Cooper is 16 weeks and still doesn't have all his baby teeth. My avatar picture looks like he is smiling but his gums were so swollen. Doesn't stop him from being a voracious chewer though :frusty:


----------



## krandall (Jun 11, 2009)

whitzend said:


> Cooper is 16 weeks and still doesn't have all his baby teeth. My avatar picture looks like he is smiling but his gums were so swollen. Doesn't stop him from being a voracious chewer though :frusty:


That's probably WHY he's a voracious chewer. Most of us only have to go through teething once... those of you whose pup's baby teeth come in late have to go through it twice!


----------



## Post Oak Pups (Feb 18, 2012)

Thank you, I was able to exchange the BB for taste of the wild - local store was pretty good about it.  Organix is not available locally - will have to order........... The T/W was well received (small amount to change over) I sure appreciate the info - Love my little man and want him to have the best life possible. Thanks again


----------



## Tom King (Aug 2, 2006)

Petco carries Organix puppy.


----------



## Post Oak Pups (Feb 18, 2012)

The nearest pet store to me is pets way - they do have pretty good selection  20 min drive - petco is a 50 min drive  I do love living in the country however  I ordered from "Wag" on line free shipping with $49. Purchase and they were just a tad cheaper than petco - and product has already shipped  

Do you feed your adult dogs organix also? A local breeder suggested nutria source... 

Thank you for your time - your web page is very impressive


----------



## Tom King (Aug 2, 2006)

Thanks for the tip on free shipping. We also live in the country, and it's almost an hour to any kind of pet store, but at least Petsmart and Petco are in Rocky Mount. Pam usually goes once a week to get food. We go through a lot.

Our adults have been doing great on Blue Buffalo for several years, but Pam gives them all sorts of other stuff too. Our puppies have had problems with BB puppy being too rich, so Pam did all sorts of research on other kinds, and they do great with Organix and ToW-rarely even a butt cleaning needed. Pam talked to the company, and they did say it's too rich for some puppies, but weren't interested in making any changes.

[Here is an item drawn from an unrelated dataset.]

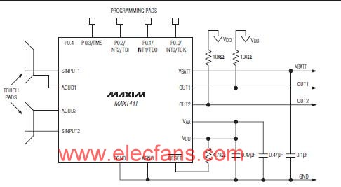 The MAX1441 proximity and touch sensor IC is designed for capacitive proximity sensing in automotive Passive Remote Keyless Entry (PRKE) and other applications. This device provides signal processing to support two independent touch/proximity sensor channels. The device features two open-drain output pins with high-voltage capability up to 28V as well as five digital I/Os to indicate sensing events. During manufacturing JTAG programming uses four digital I/Os.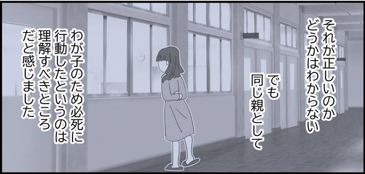 私はシオリちゃん親子が孤立しないか心配でシオリちゃんに連絡すると、シオリちゃんが学校にいることでマホちゃんだけではなく、他のママたちも安心できていることを知ったのです。

I have much work to do on our website, but there's been too much other stuff to do. Any time I change a page it dumps videos, and parts of other pages, so it's kind of a pain to update anything.


----------



## Post Oak Pups (Feb 18, 2012)

Good morning, I went with the C/P ultramax wet food and the organix kibble - oh what a huge difference!!! Less poop, better consistency. Thank you!!!


----------